▸ EXERCISE BRIEF
Reproduce the lines below exactly, from the one containing "TE Part #9-1879214-0" through the one containing "(Role play on", both included. Leave out any pictures.

▸ RECORDS FOR PROCESSING
=-=-=-=-=

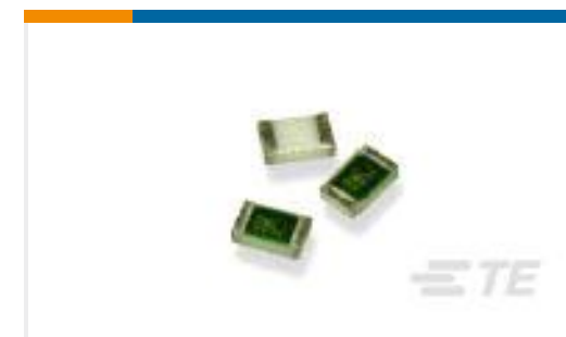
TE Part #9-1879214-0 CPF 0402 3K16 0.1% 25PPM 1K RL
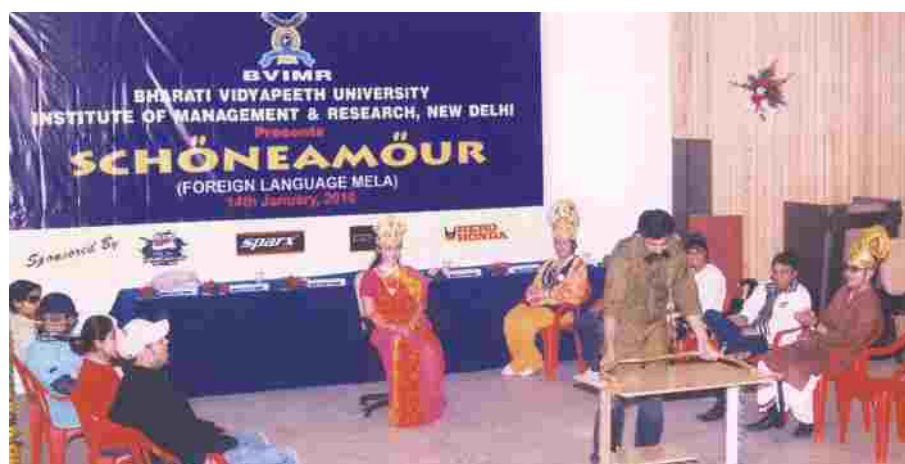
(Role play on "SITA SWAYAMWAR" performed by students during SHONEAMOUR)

=-=-=-=-=

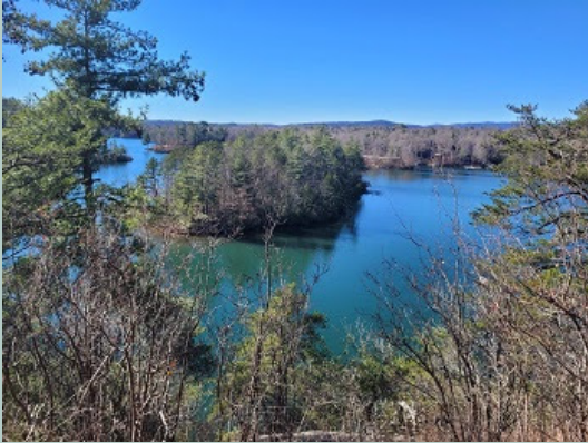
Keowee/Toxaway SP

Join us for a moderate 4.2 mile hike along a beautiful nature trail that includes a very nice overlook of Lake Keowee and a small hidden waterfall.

=-=-=-=-=

▸ EXERCISE SOLUTION
TE Part #9-1879214-0 CPF 0402 3K16 0.1% 25PPM 1K RL
(Role play on "SITA SWAYAMWAR" performed by students during SHONEAMOUR)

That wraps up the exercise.